Work to be completed:
In the listing below, find the line with "Splachovatelné vlhčené ubrousky" and the line with "Στην κατοχή των", then return them and every line between them exactly, minus the pictures.

Recorded data:

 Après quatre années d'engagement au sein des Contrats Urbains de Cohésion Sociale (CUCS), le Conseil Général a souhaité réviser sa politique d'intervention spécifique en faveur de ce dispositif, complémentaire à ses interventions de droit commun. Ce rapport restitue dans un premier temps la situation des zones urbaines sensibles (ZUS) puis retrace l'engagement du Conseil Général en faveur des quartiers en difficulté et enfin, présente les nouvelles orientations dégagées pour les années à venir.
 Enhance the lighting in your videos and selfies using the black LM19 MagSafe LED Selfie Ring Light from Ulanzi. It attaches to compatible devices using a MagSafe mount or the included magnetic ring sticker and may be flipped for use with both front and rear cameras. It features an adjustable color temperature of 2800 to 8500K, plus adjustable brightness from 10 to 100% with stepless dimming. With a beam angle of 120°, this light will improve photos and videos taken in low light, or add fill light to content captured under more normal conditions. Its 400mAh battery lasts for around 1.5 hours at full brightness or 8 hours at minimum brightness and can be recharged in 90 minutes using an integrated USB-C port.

...

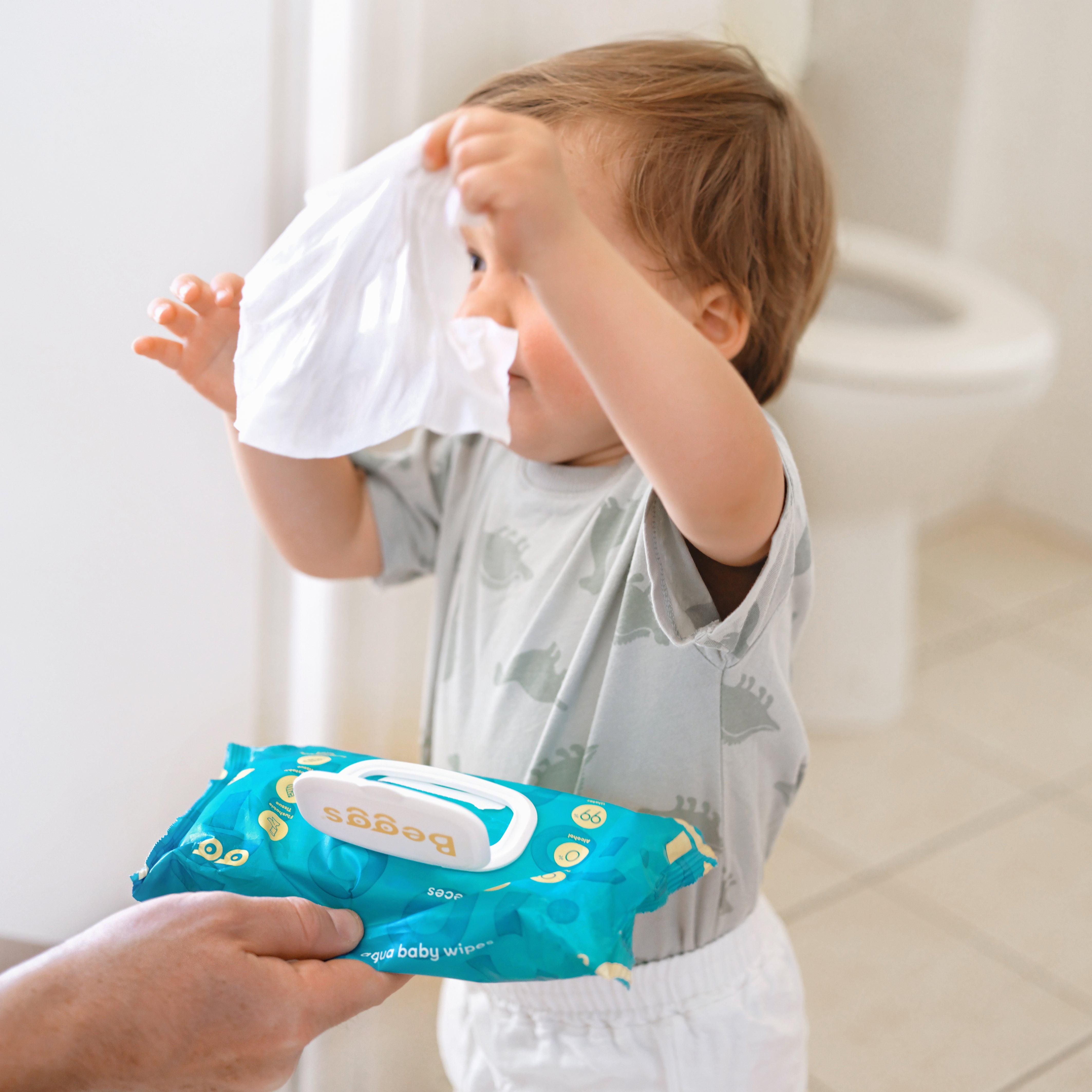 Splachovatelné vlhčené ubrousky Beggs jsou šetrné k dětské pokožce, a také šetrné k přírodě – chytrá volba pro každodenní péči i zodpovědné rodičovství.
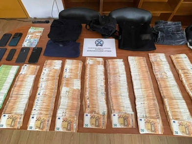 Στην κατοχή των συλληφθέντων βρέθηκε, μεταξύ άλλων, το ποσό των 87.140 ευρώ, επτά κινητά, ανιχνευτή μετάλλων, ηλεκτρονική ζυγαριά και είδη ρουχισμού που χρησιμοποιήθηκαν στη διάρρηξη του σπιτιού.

Output below:
 Splachovatelné vlhčené ubrousky Beggs jsou šetrné k dětské pokožce, a také šetrné k přírodě – chytrá volba pro každodenní péči i zodpovědné rodičovství.
 Στην κατοχή των συλληφθέντων βρέθηκε, μεταξύ άλλων, το ποσό των 87.140 ευρώ, επτά κινητά, ανιχνευτή μετάλλων, ηλεκτρονική ζυγαριά και είδη ρουχισμού που χρησιμοποιήθηκαν στη διάρρηξη του σπιτιού.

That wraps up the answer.